Ma non basta: «Il Visitatore ha doverosamente esaminato anche le principali accuse che sono state mosse a Rupnik, soprattutto quella che ha portato alla richiesta di scomunica. In base al copioso materiale documentario studiato, il Visitatore ha potuto riscontrare e ha quindi segnalato procedure gravemente anomale il cui esame ha generato fondati dubbi anche sulla stessa richiesta di scomunica». E così, «in considerazione della gravità di tali riscontri, il Cardinale Vicario ha rimesso la relazione alle Autorità competenti», cioè al Sant’Uffizio.

Il riferimento è decreto di scomunica emesso nel maggio 2020 dalla Congregazione per la dottrina della Fede per «assoluzione di un complice in un peccato contro il Sesto comandamento», il che significa che Rupnik aveva confessato e assolto una suora di cui aveva abusato sessualmente, vincolandola al silenzio: uno dei delitti canonici più gravi, punito con la scomunica latae sententiae, cioè automatica.

La scomunica è per la Chiesa una «pena medicinale», è previsto possa essere tolta a chi si pente, ma nel caso di Rupnik era avvenuto molto rapidamente ed era stata revocata dall’ex Sant’Uffizio «nello stesso mese». È possibile che il dicastero, allora guidato da un altro gesuita, il cardinale spagnolo Luis Ladaria, avesse preso la decisione senza aver consultato il Papa gesuita? «Posso immaginare che il prefetto abbia parlato col Santo Padre, ma non posso dire né sì né no», aveva risposto il padre generale dei gesuiti, Arturo Sosa.

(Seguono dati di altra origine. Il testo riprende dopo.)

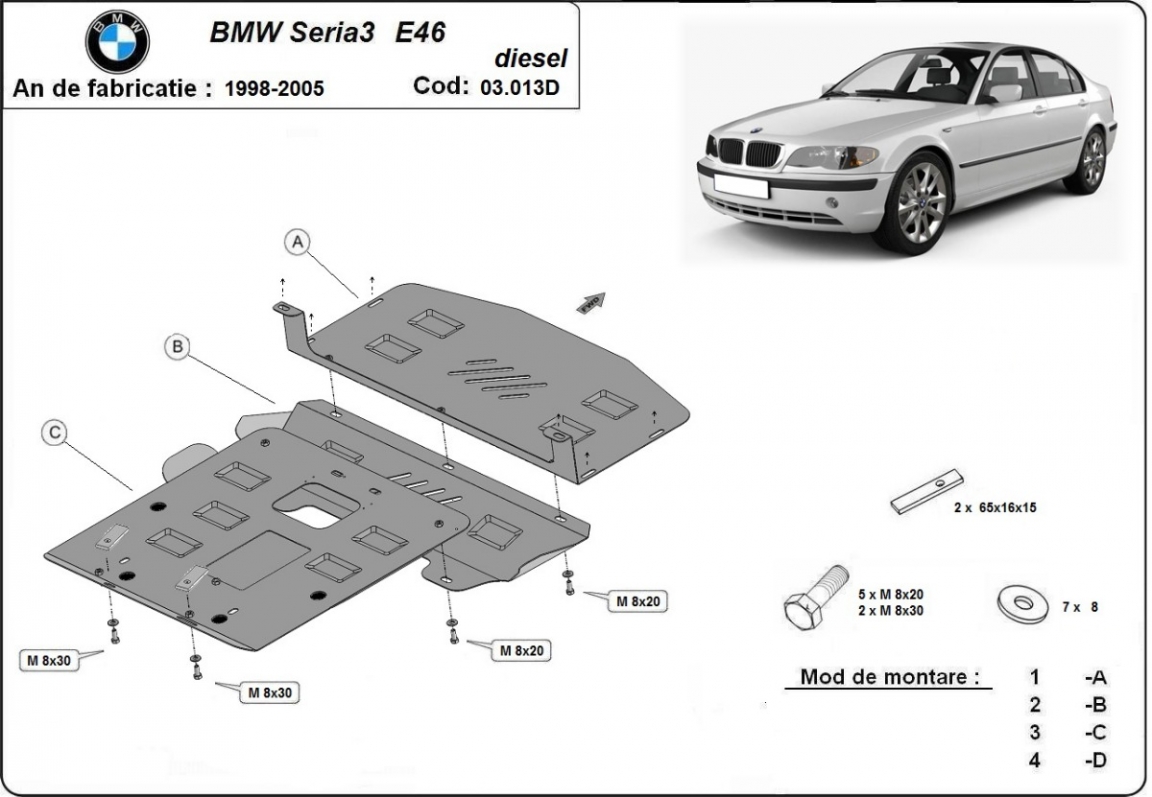 Piastra paramotore di acciaio BMW Seria 3 E46 - Diesel (1998-2005)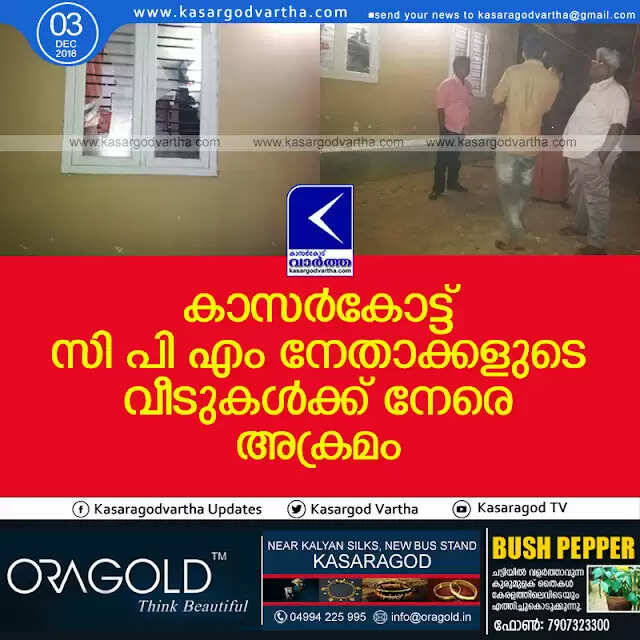 കാസര്കോട്ട് സി പി എം നേതാക്കളുടെ വീടുകള്ക്ക് നേരെ അക്രമം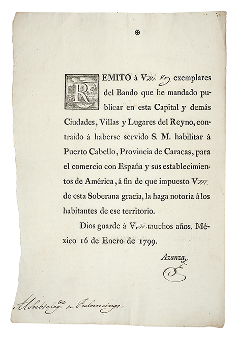 DI - Azanza, Miguel Joseph de. Bandos. a) "Cumplido ya desde el día 30 de Junio próximo anterior el término que se concedió en 10 de Enero último para la recolección de la Moneda circular antigua, era llegado por consiguiente el caso de reducir á efecto su absoluta extinción y giro; pero considerando que la poca que ha quedado de las clases menores, circula principalmente entre las manos de los Indios y demás gentes miserables; he tenido á bien ampliar el plazo de su colección por otros seis meses mas, que deberán contarse desde el principio del presente fin de Diciembre de este año, quedando en su vigor y fuerza la prohibición de extraer para Lugares ultramarinos por cuenta de S. M. y de Particulares la indicada Moneda antigua de oro y plata, permitiéndose solo la salida y embarque de la del corriente sello con destino á España en todas las suertes de la primera; doble y tostones de la segunda; y para las Islas Filipinas y de Barlovento en todas las especies de ambos metales, baxo la inteligencia de que concluido dicho término ha de cesar su curso en el Comercio, sin admitirse, ni darle mas valor que el de pura pasta, como con repeticion se halla prevenido". México á 12 de Julio de 1798. Miguel Joseph de Azanza. Rubrica. Pequeña rotura a la mitad del documento. b) "Remito á Vm. dos exemplares del Bando que ha mandado publicar en esta Capital y demás Ciudades, Villas y Lugares del Reyno, contraído á haberse servido S. M. habilitar á Puerto Cabello, Provincia de Caracas, para el comercio con España y sus establecimientos de Ameérica, á fi de que impuesto Vm. de esta Soberana gracia, la haga notoria á los habitantes de ese territorio". México 16 de Enero de 1799. Azanza. Rubrica. Total de piezas: 2. Estimado $4,000-5,000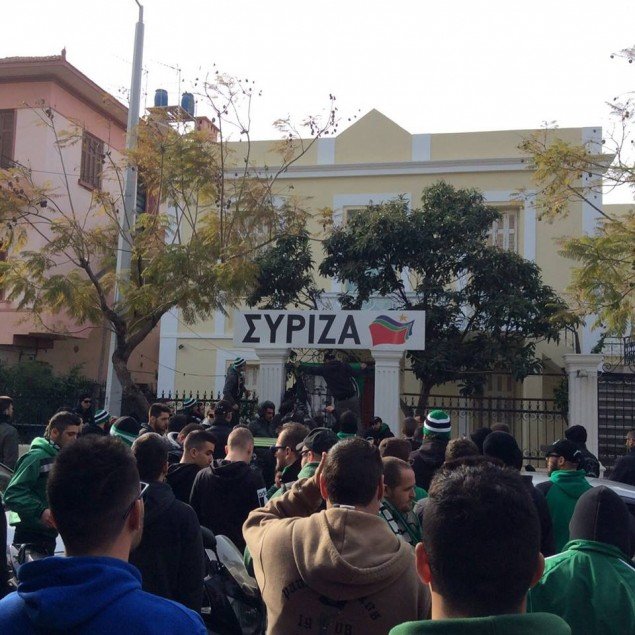 Πριν από την αναμέτρηση με τον Πλατανιά την Κυριακή (31/1), οι οπαδοί των «πρασίνων» συγκεντρώθηκαν έξω από τα γραφεία του ΣΥΡΙΖΑ στα Χανιά, διαμαρτυρόμενοι για την απόφαση του υφυπουργού Αθλητισμού.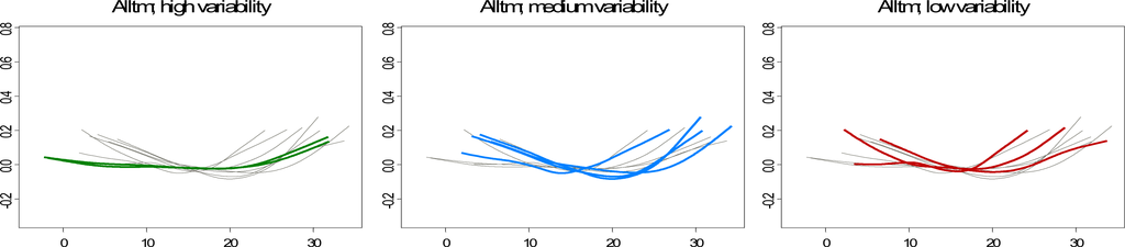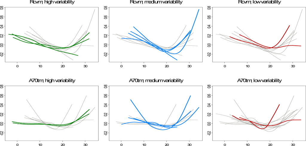 Curves of significant associations between temperature and mortality for: total mortality (Alltm) in the first row, cardio-respiratory mortality (Rcvm) in the second row, and mortality among people 70 years old or over (A70tm) in the third. Cities are grouped according to their Coefficient of Variation into “high variability” (Vitoria, Madrid, Zaragoza), “medium variability” (Oviedo, Vigo, Barcelona, Castellón, Seville) and “low variability” cities (Gijon, Bilbao, Valencia, Huelva, Cartagena). The rest of the curves are drawn in light gray.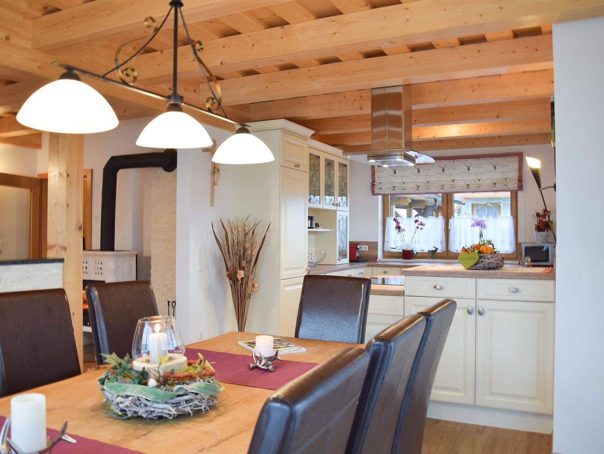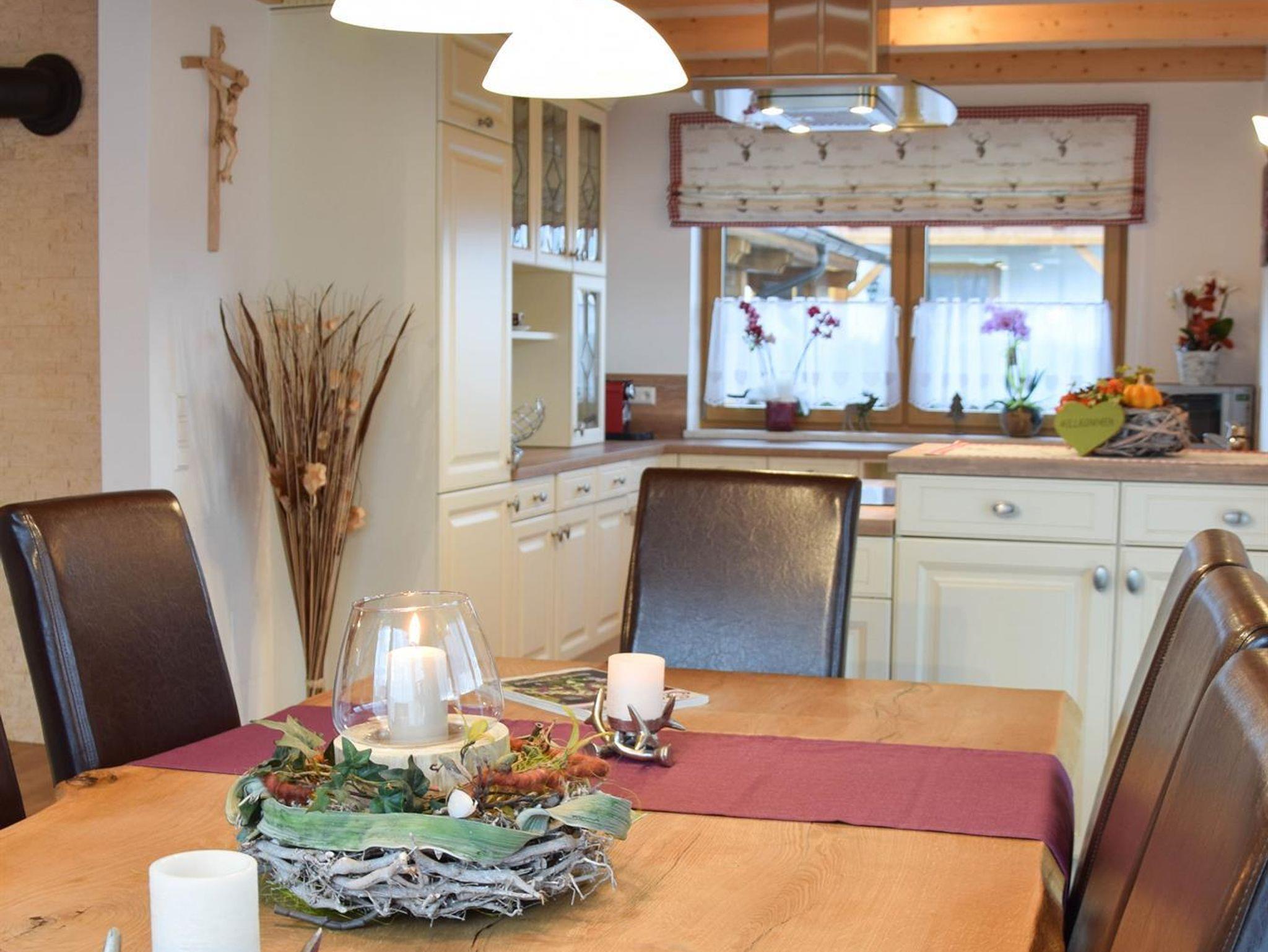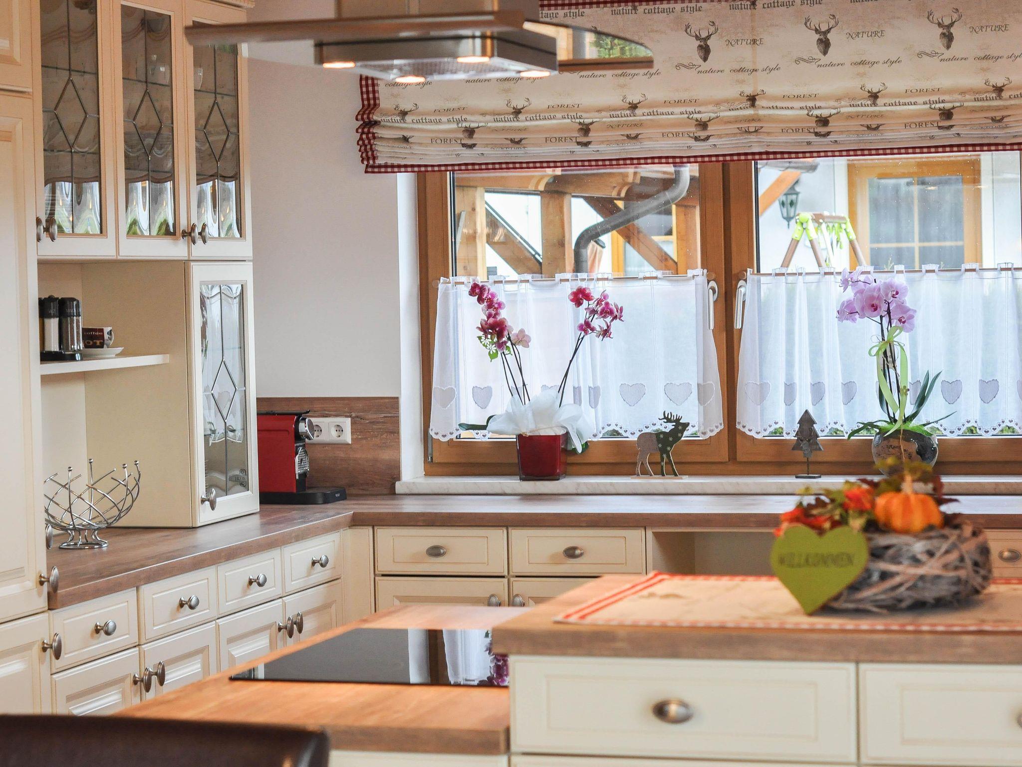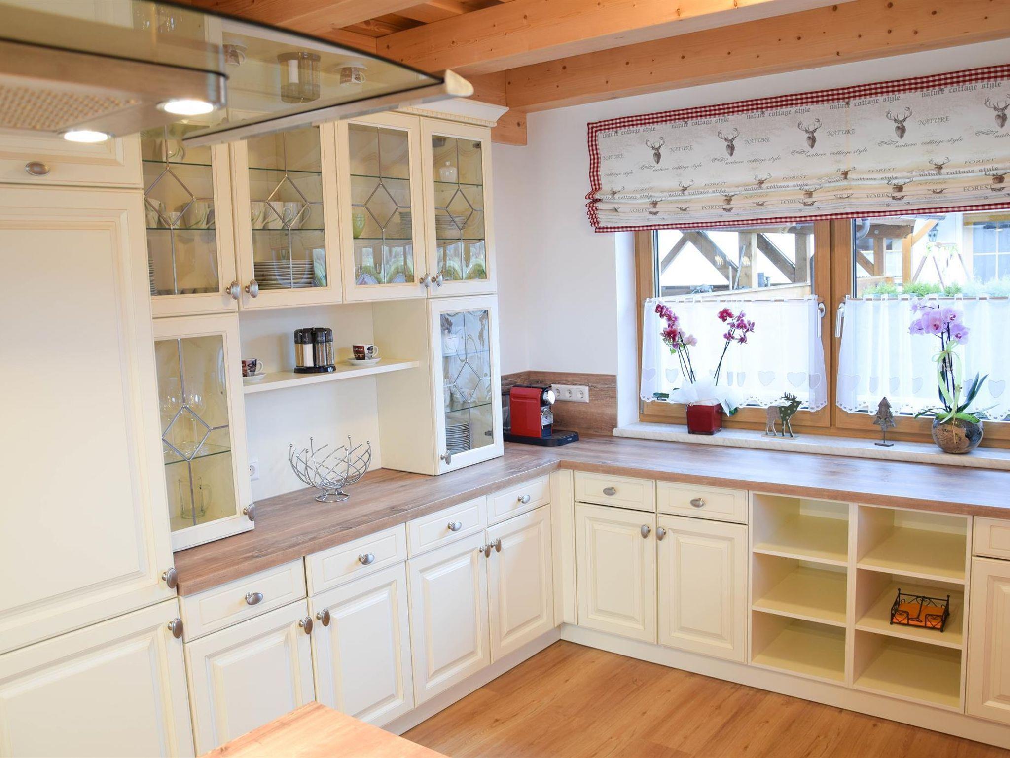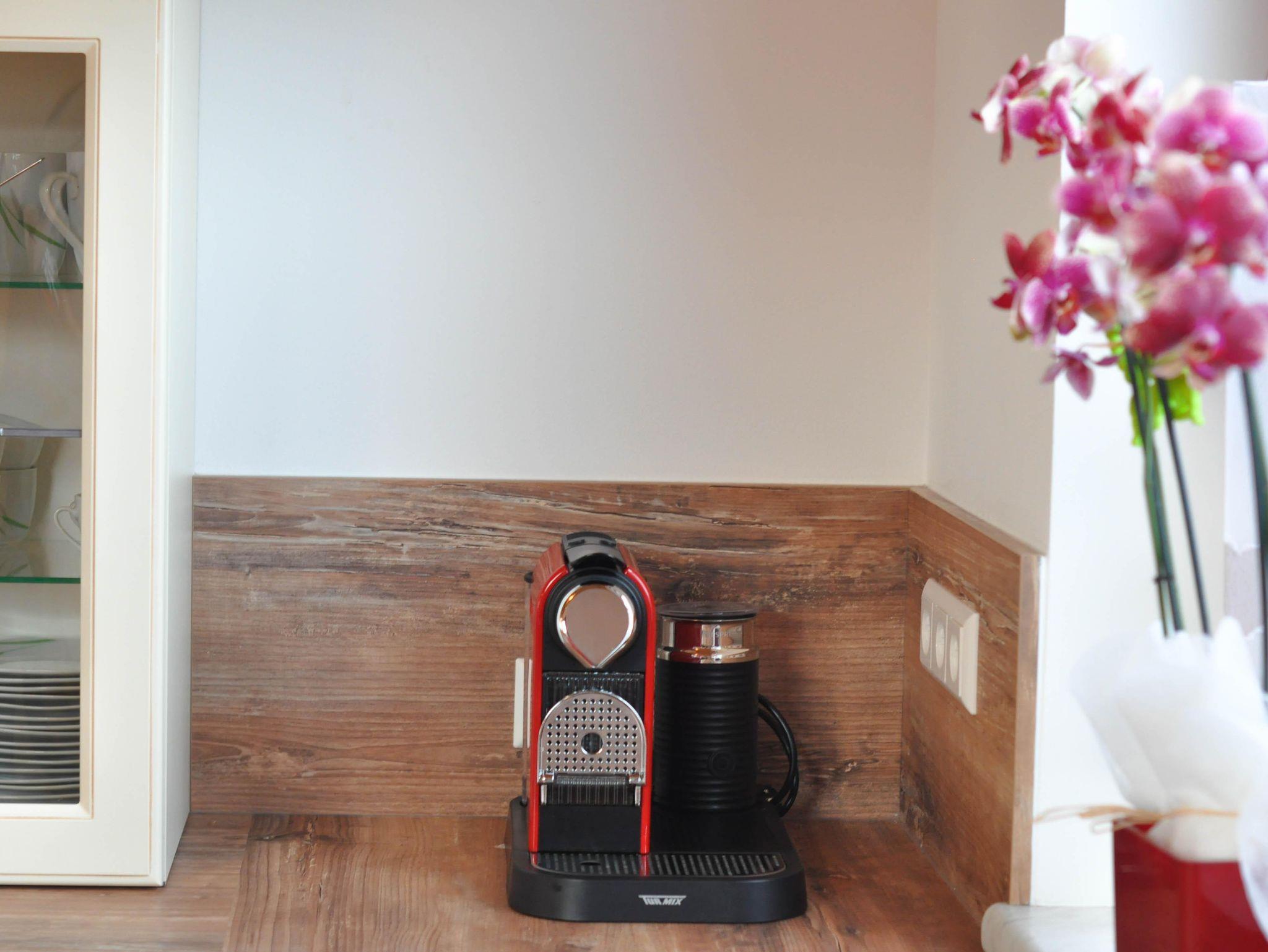 Komplett ausgestattete Küche mit E-Herd mit Cerankochfeld, Backrohr, Kühlschrank mit Gefrierfach, Geschirrspüler, Nespresso Kaffeemaschine, Wasserkocher, Koch- und Essgeschirr

Intanto non era successo nulla e anzi proprio il cardinale De Donatis aveva affidato nel 2021 a padre Rupnik il rinnovamento della cappella del Seminario Romano. La storia era poi diventata pubblica il 5 dicembre dell’anno scorso, con una nota nella quale la Compagnia informava che «nel 2021» il Dicastero per la dottrina della Fede aveva ricevuto contro Rupnik una denuncia di abusi ai danni di suore della Comunità di Loyola a Lubiana, fondata alla fine degli anni Ottanta e della quale il gesuita sloveno era «padre spirituale».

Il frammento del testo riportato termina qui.